Be careful of two typos
- in the list :
"y4" = y4
(was"y4" <- y4
) - in
optim()
:y1 <- x1+x2+x3
at the end of a function return nothing.
options(shiny.reactlog=TRUE)
library(shiny)
library(bslib)
#fixed parameters
a<-10
b<-20
ui <- page_sidebar (
title = "updatable shiny1",
sidebar = sidebar(
sliderInput(
"Input1",
tags$strong("Define Input1"),
min = 1,
max = 15,
value = 5,
step = 1
),
sliderInput(
"Input2",
tags$strong("Define Input2"),
min = 100,
max = 1000,
value = 100,
step = 100
),
sliderInput(
"Input3",
tags$strong("Define Input3"),
min = 7,
max = 17,
value = 12
)
),
tabPanel(tags$h4("Outputs"),
layout_columns(
card(card_header(tags$span("Output1", style="color:tomato")),tableOutput("Output1")),
card(card_header(tags$span("Output2", style="color:tomato")),tableOutput("Output2")),
card(card_header(tags$span("Optimal", style="color:tomato")),plotOutput("Optimal")),
)
)
)
server <- function(input, output) {
MyComplexCalc <- function(x1 , x2, x3) {
#long and complex calculations
y1 <- x1+x2+x3
y2 <- x1*a
y3 <- x2*b
y4 <- x3+a+b
# Store all results in a list for use in different tables
list("y1" = y1, "y2" = y2, "y3" = y3, "y4" = y4,
"x1" = x1, "x2" = x2, "x3" = x3)
}
mymodel <- reactive({
MyComplexCalc(
x1 = input$Input1,
x2 = input$Input2,
x3 = input$Input3
)
})
output$Output1 <- renderTable({
table1 <- data.frame(matrix(ncol = 2, nrow = 2))
colnames(table1) <- c("element1", "element2")

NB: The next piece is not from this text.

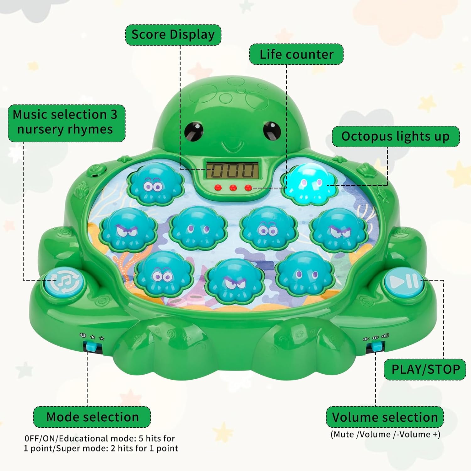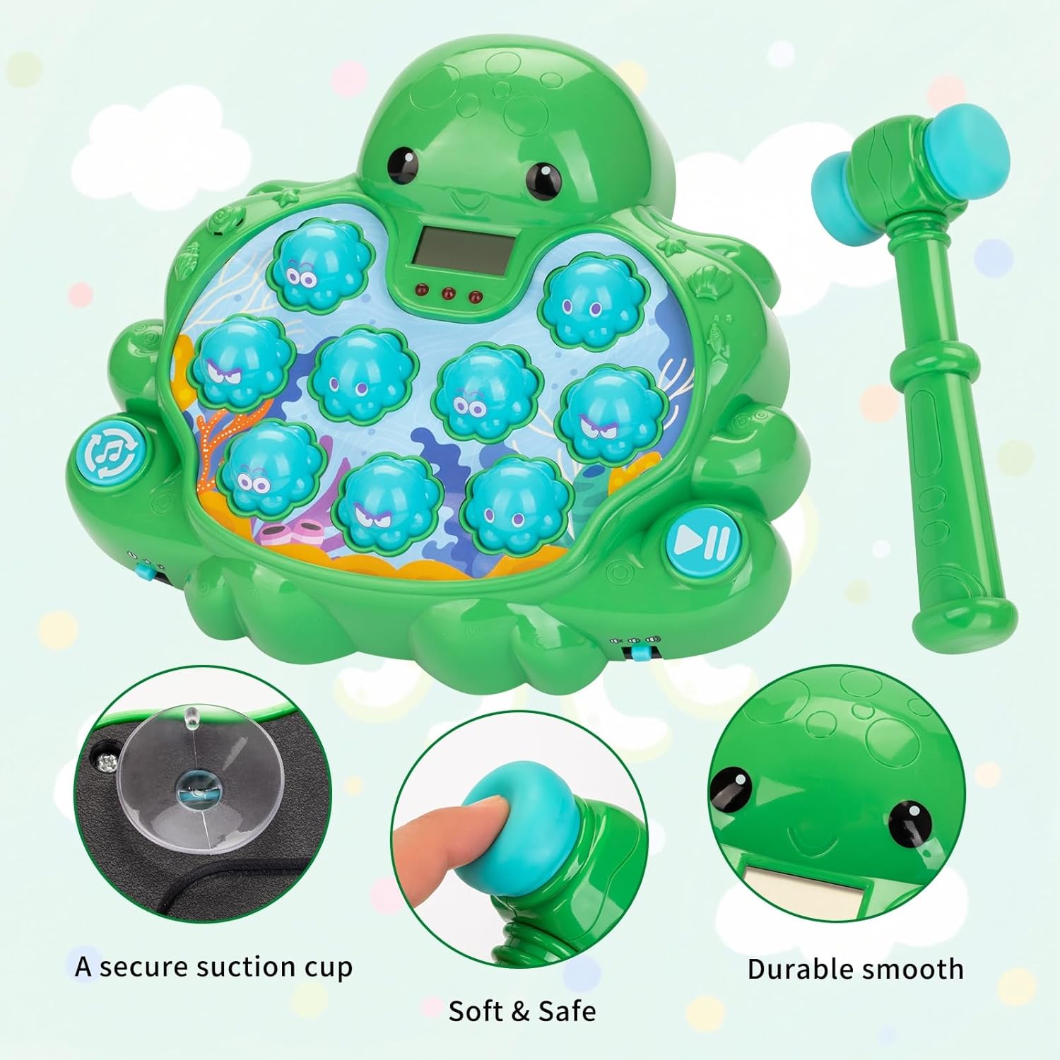 【Ready-to-Play Value Set】Everything arrives gift-ready: octopus game unit, two soft mallets. The perfect toy for the holiday season! An ideal gift for kids aged 2 3 4 5 6 and up.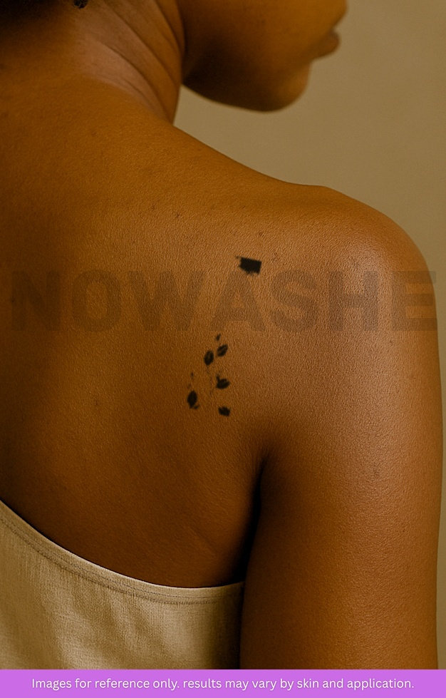 nowashe tattoos is designed for all skin tones, but the fully developed color is uniquely influenced by individual skin chemistry. The result can range from a blue/green, to a distinctive dark blue/black.

table1$element1 <- c(a, b)
table1$element2 <- c(mymodel()$y1, mymodel()$y2)
table1
})
output$Output2 <- renderTable({
table2 <- data.frame(matrix(ncol = 2, nrow = 2))
colnames(table2) <- c("element1", "element2")
table2$element1 <- c(a, b)
table2$element2 <- c(mymodel()$y3, mymodel()$y4)
table2
})
y_DatasPlot <- reactive({
optim <- function (x1,datas) {
MyComplexCalc(
x1 = x1,
x2 = datas$x2,
x3 = datas$x3
)$y1
}
datas2 <- mymodel()
c(optim(1,datas2), optim(2,datas2), optim(3,datas2), optim(4,datas2), optim(5,datas2), optim(6,datas2),
optim(7,datas2),optim(8,datas2), optim(9,datas2), optim(10,datas2), optim(11,datas2), optim(12,datas2),
optim(13,datas2), optim(14,datas2), optim(15,datas2))
})
output$Optimal <- renderPlot({
y1_range <- y_DatasPlot()
x1_range <- c(1:15)
plot(x1_range,y1_range, type="l", xlab="x1, other parameters fixed", ylab= "y1", col="darkgreen", lwd=2)
})
}
shinyApp(ui = ui, server = server)
PS: Your full written app has very clean appareance.